▶ [Your goal]
Please copy the leading lines of the entries below exactly, concluding with the line in which "本系9月13日讯(信息技术系" occurs.
[Dataset excerpts — start]
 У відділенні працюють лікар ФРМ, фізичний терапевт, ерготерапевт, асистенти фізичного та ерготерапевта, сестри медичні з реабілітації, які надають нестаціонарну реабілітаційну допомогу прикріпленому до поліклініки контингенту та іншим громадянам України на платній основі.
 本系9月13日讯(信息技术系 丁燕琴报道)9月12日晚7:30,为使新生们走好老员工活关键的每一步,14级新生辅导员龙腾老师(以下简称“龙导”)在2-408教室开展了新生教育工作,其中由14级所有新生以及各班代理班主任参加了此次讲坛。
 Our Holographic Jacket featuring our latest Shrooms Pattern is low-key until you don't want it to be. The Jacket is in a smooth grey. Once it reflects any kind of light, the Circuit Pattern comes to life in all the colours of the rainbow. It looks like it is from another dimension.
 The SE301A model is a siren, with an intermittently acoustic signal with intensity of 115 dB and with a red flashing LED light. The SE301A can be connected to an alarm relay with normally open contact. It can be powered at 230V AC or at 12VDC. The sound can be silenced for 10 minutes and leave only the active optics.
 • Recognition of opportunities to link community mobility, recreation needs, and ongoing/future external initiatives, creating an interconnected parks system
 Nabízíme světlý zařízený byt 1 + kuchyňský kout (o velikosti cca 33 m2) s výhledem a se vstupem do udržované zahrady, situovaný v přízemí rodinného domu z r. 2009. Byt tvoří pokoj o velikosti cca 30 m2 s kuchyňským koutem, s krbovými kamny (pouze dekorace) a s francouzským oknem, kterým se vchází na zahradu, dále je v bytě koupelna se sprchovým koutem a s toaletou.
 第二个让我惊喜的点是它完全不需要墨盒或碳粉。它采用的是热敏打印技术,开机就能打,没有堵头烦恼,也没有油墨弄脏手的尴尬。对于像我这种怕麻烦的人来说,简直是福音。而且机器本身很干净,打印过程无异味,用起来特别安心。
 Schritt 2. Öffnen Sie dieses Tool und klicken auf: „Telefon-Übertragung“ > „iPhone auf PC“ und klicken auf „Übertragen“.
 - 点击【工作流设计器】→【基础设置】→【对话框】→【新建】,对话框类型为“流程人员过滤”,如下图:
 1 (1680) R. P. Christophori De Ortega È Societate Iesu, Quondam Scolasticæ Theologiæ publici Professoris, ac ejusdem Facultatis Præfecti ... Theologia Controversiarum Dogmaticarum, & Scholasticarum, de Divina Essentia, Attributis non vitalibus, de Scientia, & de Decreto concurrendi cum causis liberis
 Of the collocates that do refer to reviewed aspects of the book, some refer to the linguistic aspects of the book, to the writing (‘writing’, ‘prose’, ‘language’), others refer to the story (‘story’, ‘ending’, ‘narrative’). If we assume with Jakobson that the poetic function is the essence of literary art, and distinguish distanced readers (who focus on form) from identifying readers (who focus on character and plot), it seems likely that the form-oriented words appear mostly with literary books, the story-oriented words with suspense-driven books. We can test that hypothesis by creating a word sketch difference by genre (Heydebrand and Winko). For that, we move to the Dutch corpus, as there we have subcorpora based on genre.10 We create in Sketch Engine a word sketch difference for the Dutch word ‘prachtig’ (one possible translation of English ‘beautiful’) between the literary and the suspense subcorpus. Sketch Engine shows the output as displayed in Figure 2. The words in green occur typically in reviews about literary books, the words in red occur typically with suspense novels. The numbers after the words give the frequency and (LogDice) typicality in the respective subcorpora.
[Dataset excerpts — finish]
▶ [Response below]
 У відділенні працюють лікар ФРМ, фізичний терапевт, ерготерапевт, асистенти фізичного та ерготерапевта, сестри медичні з реабілітації, які надають нестаціонарну реабілітаційну допомогу прикріпленому до поліклініки контингенту та іншим громадянам України на платній основі.
 本系9月13日讯(信息技术系 丁燕琴报道)9月12日晚7:30,为使新生们走好老员工活关键的每一步,14级新生辅导员龙腾老师(以下简称“龙导”)在2-408教室开展了新生教育工作,其中由14级所有新生以及各班代理班主任参加了此次讲坛。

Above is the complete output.